Wide & Deep Learning on Shifu

wu haifeng edited this page Aug 2, 2020 · 45 revisions

Wide & Deep Learning on Shifu *Logo of Wide & Deep is copyright from Google AI Blog.

Why Wide & Deep Learning?

Deep learning is widely used in the machine learning area for its stronger ability in generalization. But when considering memorization, it may not as efficient as wide models. So can we combine the wide and deep model together? That's a brilliant idea that lead to the wide and deep model. A detailed introduction about the wide & Deep learning models you can see this google blog.

We have implemented the wide & deep learning model(WDL) in Shifu based on the following consideration:

  1. Provide user ability to use a wide and deep learning model in Shifu with limited changes in the config file.
  2. Provide users a choice for large amounts of sparse features and category features. We have implemented the model with feature well support sparse inputs and embed inputs.
  3. The wide and deep learning model is the first step for this category of models. Based on this, we will adopt more models into Shifu, such as wide and GBDT models.

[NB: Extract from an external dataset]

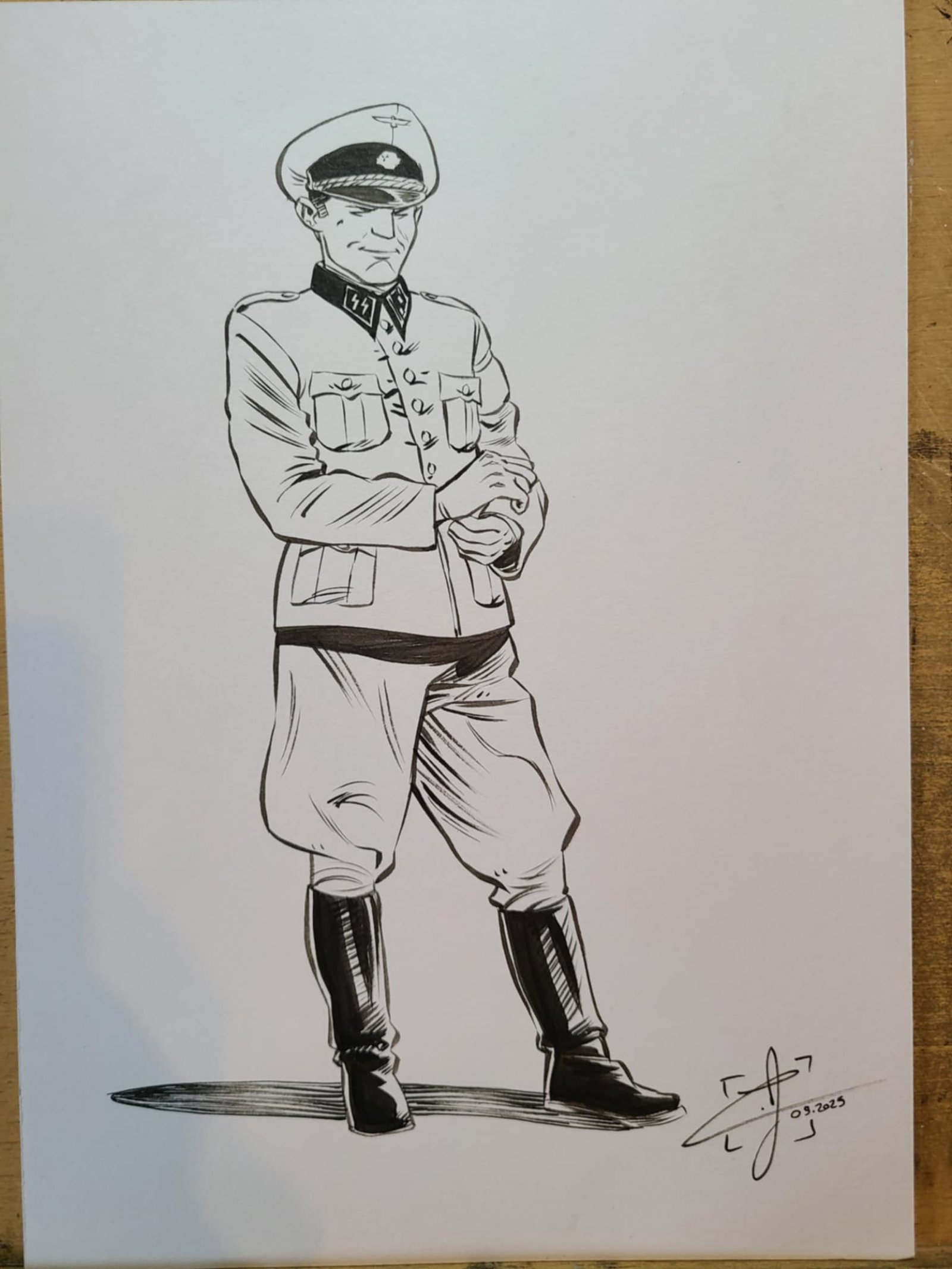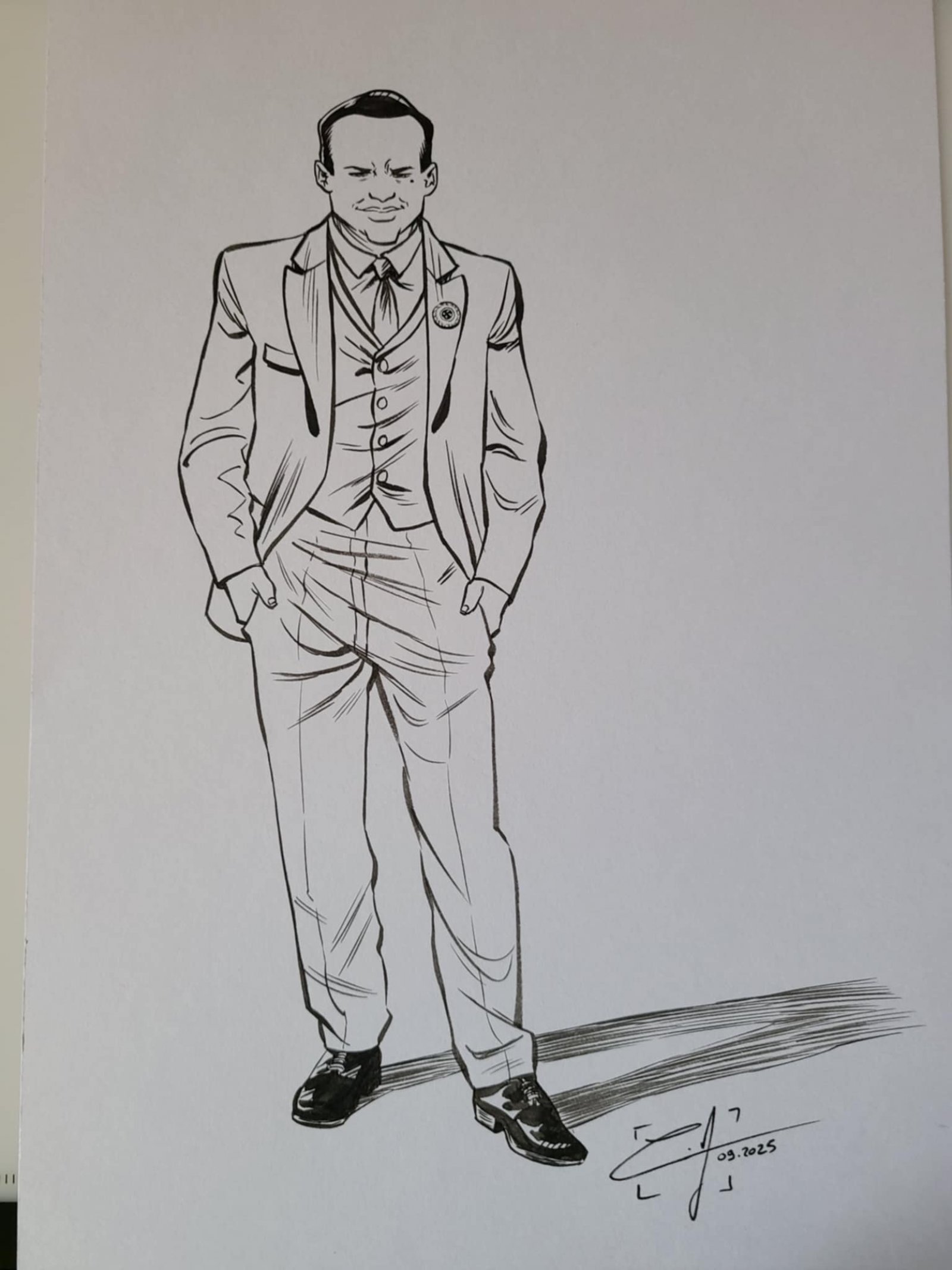 Les dédicaces sont réalisées aux crayons gris, puis encrage à l'encre de chine

In our latest test, the performance of the WDL model has reached an accuracy of 81.2%. Compare with the WDL in the TensorFlow model, the Shifu version is faster for a large amount of training data. From our statistics, it usually 5~7 seconds for one iteration on 100GB training data set.

How to use the Wide & Deep model in Shifu?

Running WDL in SHIFU is very easy. The only change from Shifu NN is ModelConfig.json: "train"->"algorithm" to "WDL" and specify the "NumEmbededColumnIds". WDL Configuration

Compared with Shifu native NN, more parameters can be tuned in train#params part if 'WDL' is selected in train#algorithm:

 "train" : {
    "baggingNum" : 1,
    "baggingWithReplacement" : true,
    "baggingSampleRate" : 1.0,
    "validSetRate" : 0.2,
    "numTrainEpochs" : 200,
    "isContinuous" : true,
    "algorithm" : "WDL",
    "params" : {
        "NumHiddenLayers" : 1,
        "ActivationFunc" : [ "tanh" ],
        "NumHiddenNodes" : [ 50 ],
        "LearningRate" : 0.002,
        "MiniBatchs" : 128,
        "NumEmbedColumnIds": [2,3,5,6,7,9,10,11,12,13,14,16,17,20,21,22,23,24,25,32,35,37,40,124,125,128,129,238,266,296,298,300,319,384,390,391,402,403,406,407,408,409,410,411,412,413,414,415,416,417,418,420,421,441,547,549,550,552,553,554,555,627,629],
        "L2Reg": 0,
        "Loss": "squared"
    }
},
  • train::baggingNum: bagging of TensorFlow is not supported yet, working on it, no need set baggingNum, baggingWithReplacement and baggingSampleRate now;
  • train::numTrainEpochs: how many training epochs in the training, this is current stop hook inside of TensorFlow training;
  • train::isContinuous: if continuous training, set it to true is helpful if some occasional failure, restart job will start from failure point.
  • train::params::LearningRate: Learning rate isn't like Native Shifu NN, recommendation value is much smaller like 0.002.
  • train::params::MiniBatchs: mini batch size, by default is 128;
  • train::params::RegularizedConstant: l2 regularization value in TensorFlow training, by default is 0.01;
  • train::params::NumEmbedColumnIds: A list of embed column ids which are choosing from category features.
  • train::params::Propagation: optimizer used in TensorFlow training, by default 'Adam' is AdamOptimizer, others can be specified 'B'(GradientDescentOptimizer), 'AdaGrad'(AdagradOptimizer).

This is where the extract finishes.